DATASET CONTENT ▸
____

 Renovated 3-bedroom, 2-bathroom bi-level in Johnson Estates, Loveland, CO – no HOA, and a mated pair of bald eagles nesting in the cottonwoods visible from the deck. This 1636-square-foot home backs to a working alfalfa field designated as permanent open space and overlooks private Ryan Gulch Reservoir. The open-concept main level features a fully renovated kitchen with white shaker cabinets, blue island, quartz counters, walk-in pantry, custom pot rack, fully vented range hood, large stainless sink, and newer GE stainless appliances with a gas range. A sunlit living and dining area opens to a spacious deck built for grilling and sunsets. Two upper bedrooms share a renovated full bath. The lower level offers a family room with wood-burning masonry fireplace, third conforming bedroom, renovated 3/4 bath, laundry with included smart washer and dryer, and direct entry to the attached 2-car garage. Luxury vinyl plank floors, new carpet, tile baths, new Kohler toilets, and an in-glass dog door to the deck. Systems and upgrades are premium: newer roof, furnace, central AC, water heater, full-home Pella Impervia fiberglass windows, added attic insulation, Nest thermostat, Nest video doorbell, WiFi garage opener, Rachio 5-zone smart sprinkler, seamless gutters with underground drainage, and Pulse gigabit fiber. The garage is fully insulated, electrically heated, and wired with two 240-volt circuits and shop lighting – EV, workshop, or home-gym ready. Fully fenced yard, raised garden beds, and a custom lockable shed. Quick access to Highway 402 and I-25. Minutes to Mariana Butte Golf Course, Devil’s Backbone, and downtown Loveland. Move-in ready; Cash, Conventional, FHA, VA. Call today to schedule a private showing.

____

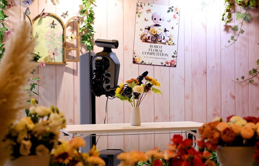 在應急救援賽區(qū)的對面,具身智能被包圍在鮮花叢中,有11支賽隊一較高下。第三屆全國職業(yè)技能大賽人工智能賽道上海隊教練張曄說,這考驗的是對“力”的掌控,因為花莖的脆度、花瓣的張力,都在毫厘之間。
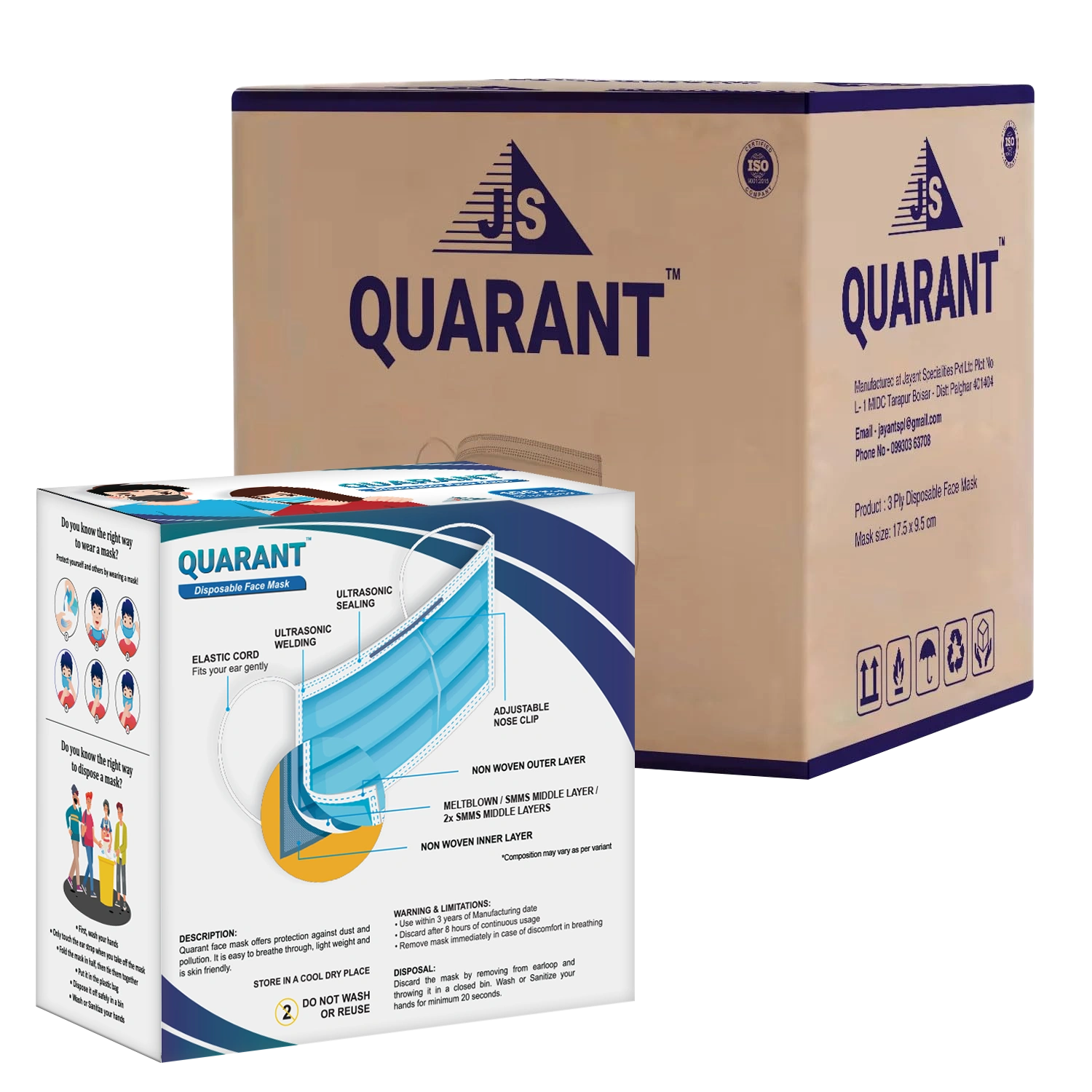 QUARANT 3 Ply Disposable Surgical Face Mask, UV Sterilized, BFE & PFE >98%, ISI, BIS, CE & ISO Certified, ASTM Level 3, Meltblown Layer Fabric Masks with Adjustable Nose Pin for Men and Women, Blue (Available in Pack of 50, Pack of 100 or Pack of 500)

____

HOW TO COMPLETE THIS TASK ▸ The copy should hold exactly the lines above from the one with "在應急救援賽區(qū)的對面" through the one with "QUARANT 3 Ply", both ends counted, and no pictures at all.

SOLUTION TO THE EXERCISE ▸
 在應急救援賽區(qū)的對面,具身智能被包圍在鮮花叢中,有11支賽隊一較高下。第三屆全國職業(yè)技能大賽人工智能賽道上海隊教練張曄說,這考驗的是對“力”的掌控,因為花莖的脆度、花瓣的張力,都在毫厘之間。
 QUARANT 3 Ply Disposable Surgical Face Mask, UV Sterilized, BFE & PFE >98%, ISI, BIS, CE & ISO Certified, ASTM Level 3, Meltblown Layer Fabric Masks with Adjustable Nose Pin for Men and Women, Blue (Available in Pack of 50, Pack of 100 or Pack of 500)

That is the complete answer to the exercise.